Light percussive touches and chiming, clear-cut melodies sculpt out a sunny atmosphere. Winter sunshine is draped over it, shining like fresh snowfall on a lonely isle; a place of safety and a place for slow walking. Be it in the morning light or in the settled dusk, the music is the same throughout the day – gentle in its rural, picturesque tones, its nestled villages and its fertile fields tucked away behind the gnarled, grey walls of dull stone. The piano is the source of this shining light, a constant throughout the continuous piece.
The remixes add splashes of vivid colour, not only joining onto the album but becoming an intrinsic part of it. Seven remixes were chosen, providing a sharp contrast to the main album and its four interlinking pieces. So the remixes aren’t just an afterthought or a bonus – they’re just as important, if not more so, than the original music.
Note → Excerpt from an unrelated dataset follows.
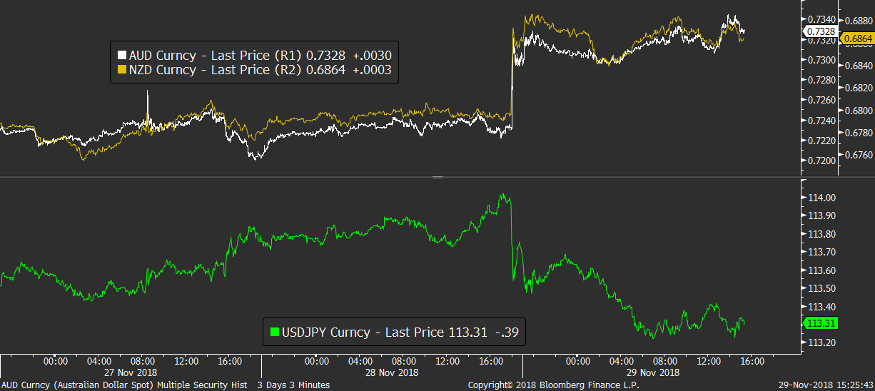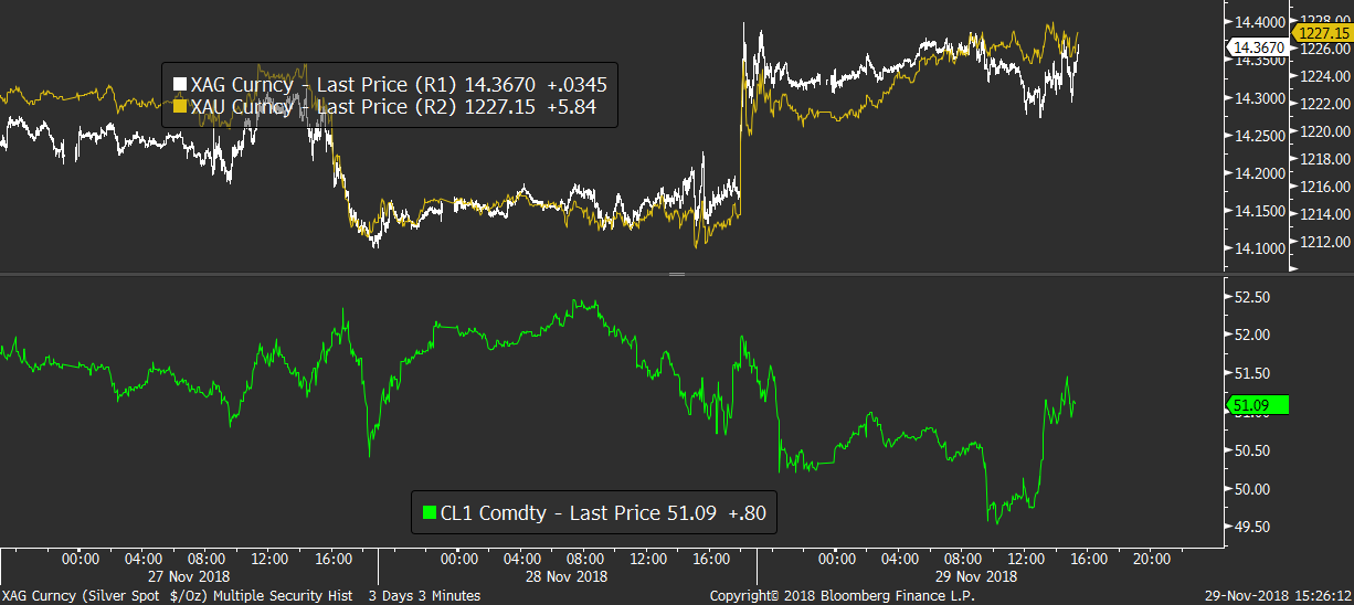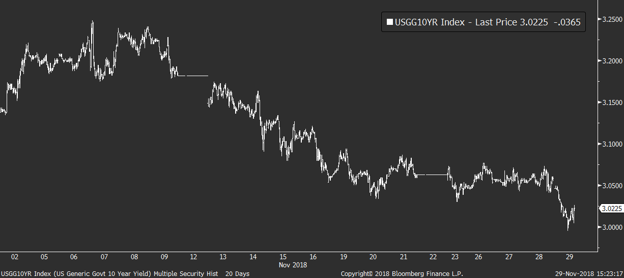 Vyhráno však není, což dokazuje stále hlavně zvýšená úroveň rizikových přirážek. Trhy totiž dál čekají na klíčovou schůzku mezi americkým a čínským prezidentem, která napoví více o tom, jakým směrem se bude ubírat obchodní politika mezi oběma zeměmi. Moudřejší můžeme být už zítra, kdy v Argentině začíná summit G20, na kterém se oba muži potkají.

Segue’s bubbly beats and Pacific-washed atmosphere lead into a drifting ambient piece from Steve Pacheco where light drones sail by like white clouds that are puffy with sleep, wonderfully lost in the middle of its daydream. Porya Hatami’s remix is reminiscent of Eno, the dripping notes bringing back memories of Music For Airports and creating uninterrupted tonal puddles.
Finally, Hellkvist returns with Vesterhavet, which was released in 2016 on his Bandcamp page. The swelling soundscapes unfurl before the eyes, and as they reach a crescendo their white-bright majesty is revealed. Glimmering notes dive and lilt in pitch, sounding like a pod of lost whales. Strings rise up in an arctic blast, creating moments of extreme beauty. Ice sheets thrum and then shatter, rumbling like a deep, droning bass. A soundscape of crushing delight and awe-inspiring altitudes, Vesterhavet runs like a single piece, seguing naturally in its transition from one piece to the next: all is one. The seismic music never has to press or push the listener. Everything is working out the way it should do. The music reaches a high point with a mountainous drone. As it progresses, the drone becomes like warm sunlight on the tip of a glacier, capable of melting hearts. A swoosh of gentle air ruffles stray strands of hair. From here, the listener looks down on the valleys below and up at another glowing peak, its side lit up by the radiance of the sun in an intense beam that melts away the brittle diamonds of sheltering ice. This is the tip of the precipice, but it overlooks peace, and in so doing it opposes the new age.